The Alamitos oil well #1 or Alamitos #1 is the site of a famous oil well in Signal Hill, California, the start of the Long Beach oilfield. The spot is also known as Porcupine Hill. The Alamitos well #1 was designated a California Historic Landmark (No. 580) on May 1, 1957. The Signal Hill oil discovered in 1921 became the black gold of Southern California. Alamitos #1 started drilling on March 23, 1921. The leader of the drilling was O.P. "Happy" Yowells. On June 23 at 9:30 a.m. the drill, at about 2,765 feet down, hit oil that was trapped underground. The trapped oil was pressurized by natural gas. The pressure pushed the blowout oil 114 feet into the air, when the drill hit the oil. The drilling rig collapsed in the blowout. A new clean well was drilled nearby and started production on June 25, 1921. Alamitos oil well #1 put out 600 barrels a day and 700,000 barrels before running out.

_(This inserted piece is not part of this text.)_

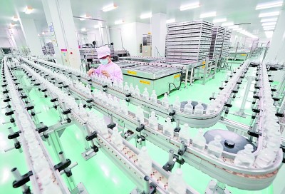 河北石家莊一家制藥有限公司的工人在醫藥生產車間工作。新華社發

In 1917, Union Oil Company had drilled near the area of Signal Hill and found no oil. Royal Dutch Shell Oil Company drilled Alamitos Well #1 and found the gusher. Alamitos Well #1 found one of the richest oil fields in the world. The Long Beach oilfield produced over 1 billion barrels of oil by 1984. The Long Beach oilfield is still in use and producing oil. In 2002 the oilfield pumped out 1.5 million barrels of oil.

== Marker==
A California Historic Landmark marker is at the northeast corner of Temple Avenue and Hill Street in Signal Hill. The marker on the site reads:

NO. 580 WELL, ALAMITOS 1 – One of the world's most famous wells. Started on March 23, 1921, it flowed 590 barrels of oil a day when it was completed June 25, 1921, at a depth of 3,114 feet. This discovery well led to the development of one of the most productive oil fields in the world and helped to establish California as a major oil producing state.